BeatBlend

One part observer, one part participant. Enjoying life equally.

Thursday, July 20, 2006

On Assage.

Quit staring at my ass. I'm serious, I know it's summertime, I know my new blonde hair is just asking for trouble (the fact that I am phrasing it like just shows how sick and wrong our society is and its views towards women), but seriously ... it's unwarranted. I have visited states, lived in other countries, trasped through other cities--and I've never encountered such a rash amount of ooglers as in the city of Chicago.

Especially this summer.

Please, let me explain: The purpose of these words is not to make the point that men find me attractive--honestly, I am an average looking gal, I take care of myself, enjoy working out, enjoying feeling the high I get from my cycling class or the elliptical machine.
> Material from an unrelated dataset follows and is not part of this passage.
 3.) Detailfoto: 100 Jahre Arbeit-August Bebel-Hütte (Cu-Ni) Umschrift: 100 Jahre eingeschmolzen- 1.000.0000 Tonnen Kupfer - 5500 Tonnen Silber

But I do these things to sastisfy my own self, not anyone else's. Why, then, should I feel uncomfortable walking out of the YMCA in bicycle shorts (not short, mind you. Mid-quad) only to bump into two 40-something gentleman (hold up! too much credit!) who I can see cereening at me from the reflection in an adjacent window? Today, I had had enough. As I saw "the oogle" (dun-dun-dun) I whipped my head around and simply stared them down. They, obviously embarassed by their actions, whipped there heads around equally fast, prentending the whole situation never happened.
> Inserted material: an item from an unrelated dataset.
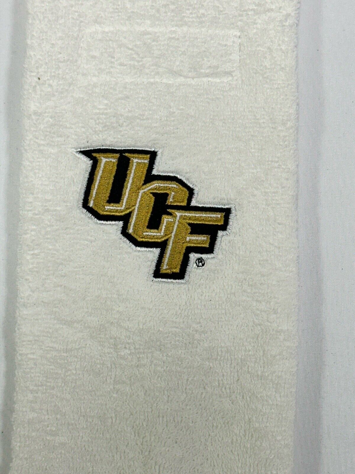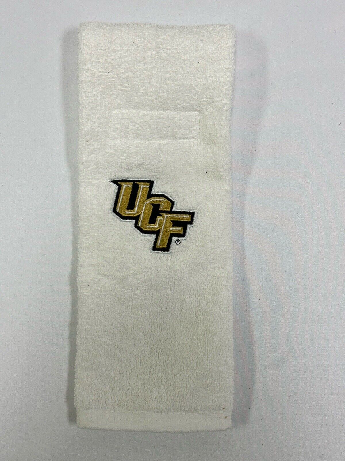 This authentic UCF Knights football hip towel was issued and used during games and practices. It features the team's colors, and prominently displays the team logo. This officially licensed NCAA product is perfect for any fan who wants to show their support for the team.

Here is a balance that I am finding impossible to strike--so I lighten my hair a bit, so I work out nearly every day? I do this because I know it flatters ME--I don't do it attract attention from men, or of anyone for that matter. On Tuesday night, for example, a male friend of mine told me that whether I want the attention or not, I'm going to get it, based on the fact that men are men and your actions and the perception you give off to the world are what people see. In other words, "It's your own fault, honey." It's almost as if he seemed to be saying, "but isn't that what you want? Why else would you do those things?" No, again--twisted! Why should things that make ME feel good ultimately make ME feel bad? They make me down right uncomfortable. How are the things I do for myself benefiting me then? I am not starved for attention nor do I get my self-esteem from men in anyway (an accusation slung my way in college due to my close involvement with my male friends, who I relate to and love very, very much). I am just trying to better MYSELF and flee from the male, summertime preoccupation and aversion with perversion. I have no problem flipping off cars who honk at me, or random dudes on the street that say "hey, baby." Fuck off. This world is complicated enough without you making me feel uncomfortable.